Est-ce que mon orthophoniste a le droit de contacter l’école? Oui, à condition que vous ayez signé une autorisation de communication. Sans cette signature, votre orthophoniste n’a même pas le droit d’indiquer que votre enfant a un dossier à sa clinique.
Est-ce que je suis obligée d’avoir un rapport d’évaluation pour que mon enfant bénéficie d’un plan d’intervention à son école? Pas obligatoirement. Les conditions de la mise en place d’un plan d’intervention sont explicitées dans ce document « en bref » : http://www.education.gouv.qc.ca/fileadmin/site_web/documents/dpse/adaptation_serv_compl/19-7053_phasesplan.pdf. Par contre, à terme, afin de bien cibler la source des difficultés, et afin d’agir efficacement, une évaluation en orthophonie peut-être recommandée.
Est-ce que je dois payer si j’annule, ou si mon enfant est malade? Plusieurs cliniques privées, que ce soient des cliniques d’orthophonie, de dentistes, ou autres, vous feront signer, par avance, un contrat de service. S’il y a une politique d’annulation, celle-ci sera explicitée. Cette politique vise à garantir une certaine stabilité salariale à la praticienne en milieu privée. Certaines cliniques optent pour une version plus simple : la politique de présence.
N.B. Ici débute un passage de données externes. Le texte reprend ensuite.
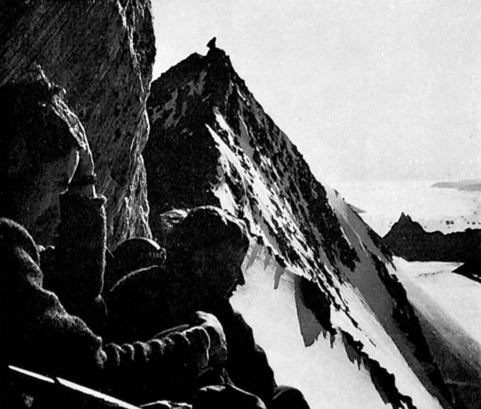 Upernivik Island: Nisbet and Band on descent from Merdor. Photo: Dave Meldrum On the golden night of July 28, the last supplies were carried up from the dump, and everyone, bowed beneath their cumbersome loads, transferred to Camp Centrale. Two parties went out on July 30. The 'hard' party of Robertson, Tauber, Nisbet and Meldrum took the big mountain, the Great White Tower, by its South ridge, Grade III, to make the second ascent of this beautiful peak in a sixteen-hour day. The 'lazy' party of North, Hall, Band and myself followed the West ridge above Camp Centrale, and after many interesting gendarmes reached the sweeping snow summit of Spume, c. 6000 ft., Grade IV, in seven hours, before going north down a narrow snow ridge until forced to abseil off the West face. We were now waiting for our tour de force: the ascent of the Horns of Upernivik. We had made a circuit round this mountain looking for the easiest route of attack and had been brought back to a contemplative assessment of the North-east ridge, well described by Drever in 1938.

Simple question de respect : vous ne pouvez pas, ou ne voulez pas venir, vous téléphonez.
Est-ce que j’ai le droit de changer d’orthophoniste? Absolument! L’orthophoniste est une professionnelle et doit se comporter comme telle. Votre loyauté se trouve envers votre enfant, d’abord. Si vous décidez que l’approche de votre orthophoniste ne convient pas à votre enfant, que vous avez envie d’essayer autre chose, ou que vous voulez simplement profiter des servies du système public, auxquels vous avez droit, n’hésitez surtout pas! Votre orthophoniste vous fournira un rapport d’évolution (compris dans le prix de vos séances de traitement) dans un délai raisonnable de 30 jours, que vous pourrez transmettre à votre nouvelle orthophoniste.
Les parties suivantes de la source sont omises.